I mean - 1024 bytes. And of course there is a lot of other optimizations, there is no need to read all lines. But at least it is not ReadAllLines :)

Ayende Rahien

Konard, It forces you to read each line. The key problem here is that you are reading a 15 TB file. That is going to take over a day or so.

Steve S

I'd question the genius who decided to put all the web logs into a single file that was 15TB in size.

Ayende Rahien

Steve, Why? It efficient, easy to work with, and fast.

Itamar Syn-Hershko

@Oren, because it's sys-admins 101, not to have huge log files so they can be rotated, expired and moved between servers when needed (or debugged).


You need to chill out or fix your process. If you have no screen before this then you have no right to be pissed off. It whiffs of intellectual snobbishness. Conversely, if this candidate got by a pre-screen, be angry at who pre-screened them. Maybe this guy was just out of college, or maybe never worked in a high performing team. Programming isn't all intellect, its experience and learning. Don't be pissed at a guy who hasn't had the opportunity to learn. And don't confuse skill with potential. Actually, this post pissed me off. Superiority is not a pleasant or laudable personality trait.

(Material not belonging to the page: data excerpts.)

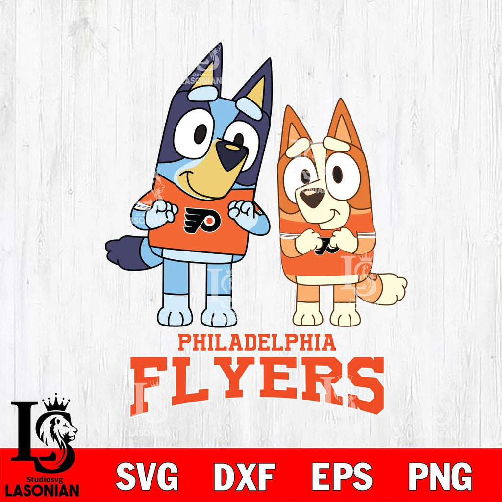 Plus, you can print these designs on a wide range of surfaces such as mugs, t-shirts, tumblers, flags, and more. Unleash your creativity and personalize your world with Philadelphia Flyers Bluey & Bingo 6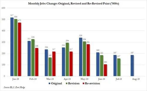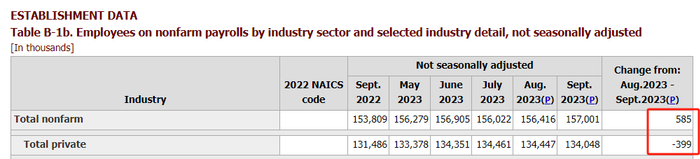 然而两天后美国劳工部实力打脸,不仅宣布了美国2023年9月新增非农就业人口33.6万人,高于市场预期的17万人以及前值22.7万人,还将7月和8月新增非农共上修11.9万人。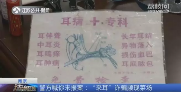 最近,南京六合警方发现一作案团伙,在六合区雄州街道各菜场内以给他人挖耳朵为手段,骗取高额费用,少则几百元,多则上千元。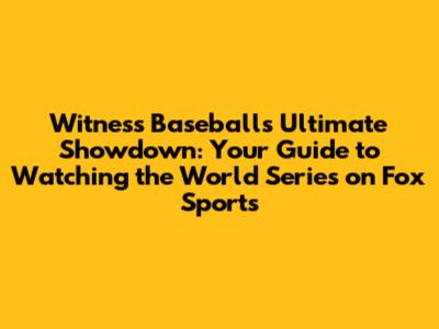 Witness Baseball's Ultimate Showdown: Your Guide to Watching the World Series on Fox Sports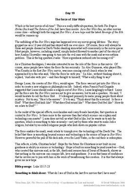 Thoughts taken from TV, Books and life experiences on various topics and given a Christian slant to stimulate thoughts. The topic here for Day 19 is 'Seeing God in the movies' and looking at 'Star Wars'.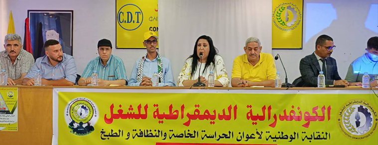 أكدت النقابة الوطنية لأعوان الحراسة الخاصة والنظافة والطبخ / الكونفدرالية الديمقراطية للشغل، أنه في الوقت الذي أطلقت فيه الحكومة مبادرات تتغنى بـ"الكرامة والحقوق الاجتماعية"، يتم على أرض الواقع إجبار شركة جهوية، كما هو الحال بجهة فاس – مكناس، حراس الأمن الخاص على توقيع عقود عمل لا تتجاوز 2500 درهم شهريًا.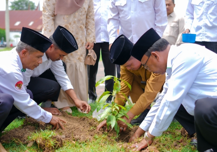 Kegiatan penanaman pohon ini juga diikuti oleh Kepala Kantor Kemenag Kabupaten Solok beserta jajaran, Kepala OPD terkait, serta para calon pengantin yang mengikuti bimbingan perkawinan.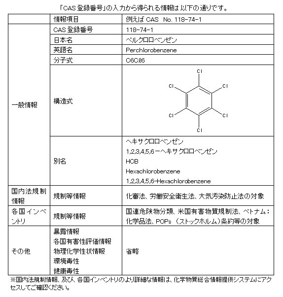 化学物質総合情報提供システムの利用により得られる情報は以下の通りです。

In the interest of learning: can somebody explain to me how you do a binary search when the record length is variable (i.e. every line in the log is not necessarily of the same length, is it ?)

Are you supposed to just "seek" to the half way point, step backwards/forwards to the start of the previous/next line and read the date in order to determine whether the current line is in the date range you're looking for ?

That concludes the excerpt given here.